- WORK INSTRUCTIONS -
Reproduce the entries shown below only from the line with "REPUBLIKA.CO.ID, DONGGALA -- Personel" down to the line with "接入前面开通的 MaaS DeepSeek-R1", keeping both end lines and copying each one exactly.

- RECORDS TO PROCESS -

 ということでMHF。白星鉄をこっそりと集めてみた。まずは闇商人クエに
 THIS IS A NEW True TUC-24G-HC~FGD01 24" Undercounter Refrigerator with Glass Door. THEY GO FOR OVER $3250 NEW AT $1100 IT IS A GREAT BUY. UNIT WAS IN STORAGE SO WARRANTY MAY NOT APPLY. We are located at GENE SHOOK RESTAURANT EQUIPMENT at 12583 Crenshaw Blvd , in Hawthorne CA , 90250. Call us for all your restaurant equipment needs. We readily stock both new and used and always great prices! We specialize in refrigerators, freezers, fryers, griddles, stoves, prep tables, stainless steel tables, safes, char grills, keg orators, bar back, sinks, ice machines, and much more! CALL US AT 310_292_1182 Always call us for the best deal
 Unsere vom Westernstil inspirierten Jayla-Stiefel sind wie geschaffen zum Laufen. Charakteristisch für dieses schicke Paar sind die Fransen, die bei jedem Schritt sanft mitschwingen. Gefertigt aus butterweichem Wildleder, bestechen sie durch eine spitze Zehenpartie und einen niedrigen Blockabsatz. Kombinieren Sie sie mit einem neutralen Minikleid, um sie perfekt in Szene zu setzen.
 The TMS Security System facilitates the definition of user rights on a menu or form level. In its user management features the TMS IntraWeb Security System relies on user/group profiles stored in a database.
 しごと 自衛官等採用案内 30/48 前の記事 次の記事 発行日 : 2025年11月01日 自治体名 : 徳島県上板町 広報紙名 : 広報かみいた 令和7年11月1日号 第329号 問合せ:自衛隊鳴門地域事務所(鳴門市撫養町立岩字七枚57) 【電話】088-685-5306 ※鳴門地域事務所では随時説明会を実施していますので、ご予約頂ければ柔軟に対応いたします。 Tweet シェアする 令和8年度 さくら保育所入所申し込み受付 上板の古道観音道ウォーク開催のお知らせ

--

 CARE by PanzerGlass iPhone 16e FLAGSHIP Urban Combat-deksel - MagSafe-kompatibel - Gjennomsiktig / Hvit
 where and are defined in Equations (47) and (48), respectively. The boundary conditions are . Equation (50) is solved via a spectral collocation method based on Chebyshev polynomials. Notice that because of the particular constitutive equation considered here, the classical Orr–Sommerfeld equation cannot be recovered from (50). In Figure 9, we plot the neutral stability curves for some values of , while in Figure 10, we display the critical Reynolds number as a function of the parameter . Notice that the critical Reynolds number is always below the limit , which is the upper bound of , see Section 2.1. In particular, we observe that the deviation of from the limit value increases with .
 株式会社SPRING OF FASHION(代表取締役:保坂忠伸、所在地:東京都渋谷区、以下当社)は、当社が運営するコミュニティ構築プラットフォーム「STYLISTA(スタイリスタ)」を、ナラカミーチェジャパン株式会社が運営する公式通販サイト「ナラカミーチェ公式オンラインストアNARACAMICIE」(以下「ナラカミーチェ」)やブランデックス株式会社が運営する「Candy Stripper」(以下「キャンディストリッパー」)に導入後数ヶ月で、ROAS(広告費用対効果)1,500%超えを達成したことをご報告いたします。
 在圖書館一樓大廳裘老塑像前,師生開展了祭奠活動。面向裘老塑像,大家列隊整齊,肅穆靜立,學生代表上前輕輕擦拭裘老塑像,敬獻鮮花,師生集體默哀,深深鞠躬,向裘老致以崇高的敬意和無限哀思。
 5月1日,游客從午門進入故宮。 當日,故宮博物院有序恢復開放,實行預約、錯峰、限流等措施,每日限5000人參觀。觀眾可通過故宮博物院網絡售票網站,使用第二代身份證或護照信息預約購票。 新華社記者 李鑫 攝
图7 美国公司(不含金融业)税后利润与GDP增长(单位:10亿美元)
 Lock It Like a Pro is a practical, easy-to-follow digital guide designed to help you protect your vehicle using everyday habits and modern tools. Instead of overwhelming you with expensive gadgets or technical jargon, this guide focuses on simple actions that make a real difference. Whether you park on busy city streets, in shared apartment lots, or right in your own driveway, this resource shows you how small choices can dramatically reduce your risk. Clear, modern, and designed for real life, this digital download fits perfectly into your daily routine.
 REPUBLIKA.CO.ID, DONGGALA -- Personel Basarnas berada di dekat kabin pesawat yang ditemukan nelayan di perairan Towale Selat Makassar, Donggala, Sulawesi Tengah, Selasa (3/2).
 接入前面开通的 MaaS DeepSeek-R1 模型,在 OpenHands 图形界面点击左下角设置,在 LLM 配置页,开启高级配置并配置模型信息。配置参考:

- WRITTEN SOLUTION -
 REPUBLIKA.CO.ID, DONGGALA -- Personel Basarnas berada di dekat kabin pesawat yang ditemukan nelayan di perairan Towale Selat Makassar, Donggala, Sulawesi Tengah, Selasa (3/2).
 接入前面开通的 MaaS DeepSeek-R1 模型,在 OpenHands 图形界面点击左下角设置,在 LLM 配置页,开启高级配置并配置模型信息。配置参考:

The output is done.